**Records supplied:**

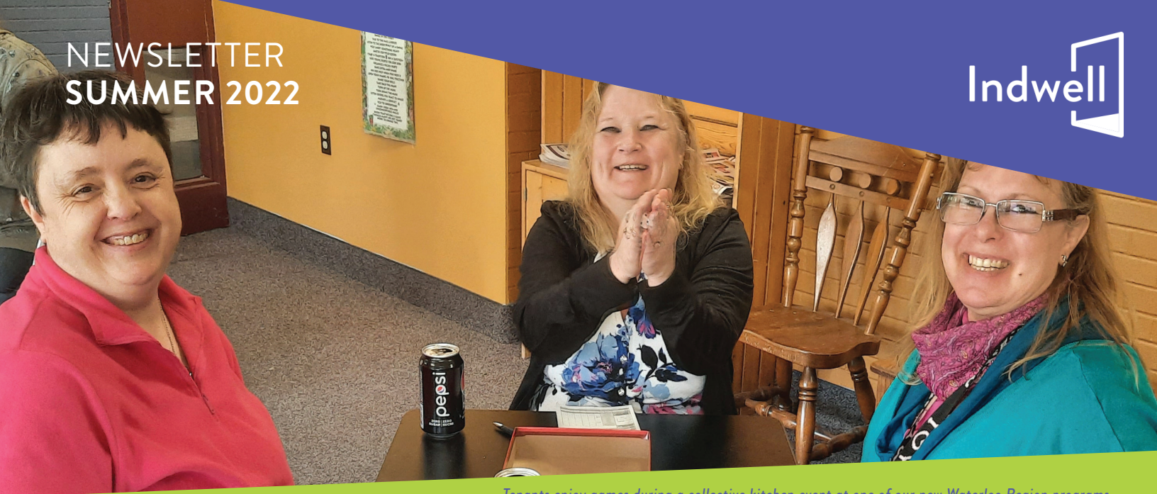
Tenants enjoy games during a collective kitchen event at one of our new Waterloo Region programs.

--

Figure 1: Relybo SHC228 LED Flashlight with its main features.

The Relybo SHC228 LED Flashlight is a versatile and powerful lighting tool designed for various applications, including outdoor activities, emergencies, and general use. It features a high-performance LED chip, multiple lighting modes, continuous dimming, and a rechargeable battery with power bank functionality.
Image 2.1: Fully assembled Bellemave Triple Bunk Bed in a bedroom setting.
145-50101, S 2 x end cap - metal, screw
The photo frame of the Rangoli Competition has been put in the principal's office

* * *

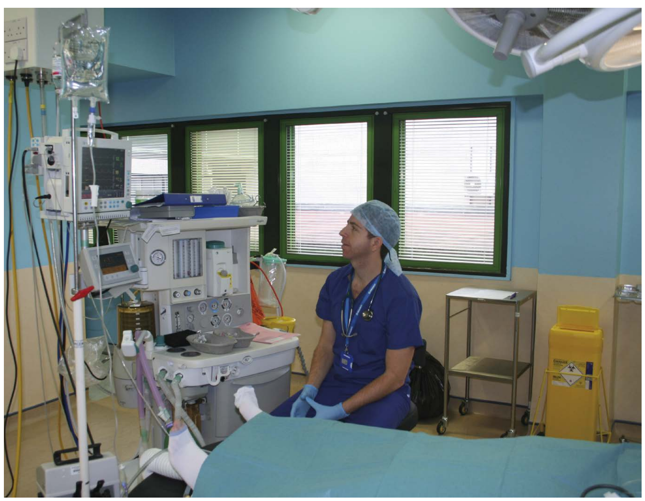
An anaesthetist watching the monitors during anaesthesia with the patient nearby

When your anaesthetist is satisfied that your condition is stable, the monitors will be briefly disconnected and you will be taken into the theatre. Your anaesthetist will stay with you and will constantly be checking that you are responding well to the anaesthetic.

**Task details:** Copy out the range of lines above starting at the line with "Image 2.1: Fully" and ending at the line with "The photo frame", exactly and including both.

**Response:**
Image 2.1: Fully assembled Bellemave Triple Bunk Bed in a bedroom setting.
145-50101, S 2 x end cap - metal, screw
The photo frame of the Rangoli Competition has been put in the principal's office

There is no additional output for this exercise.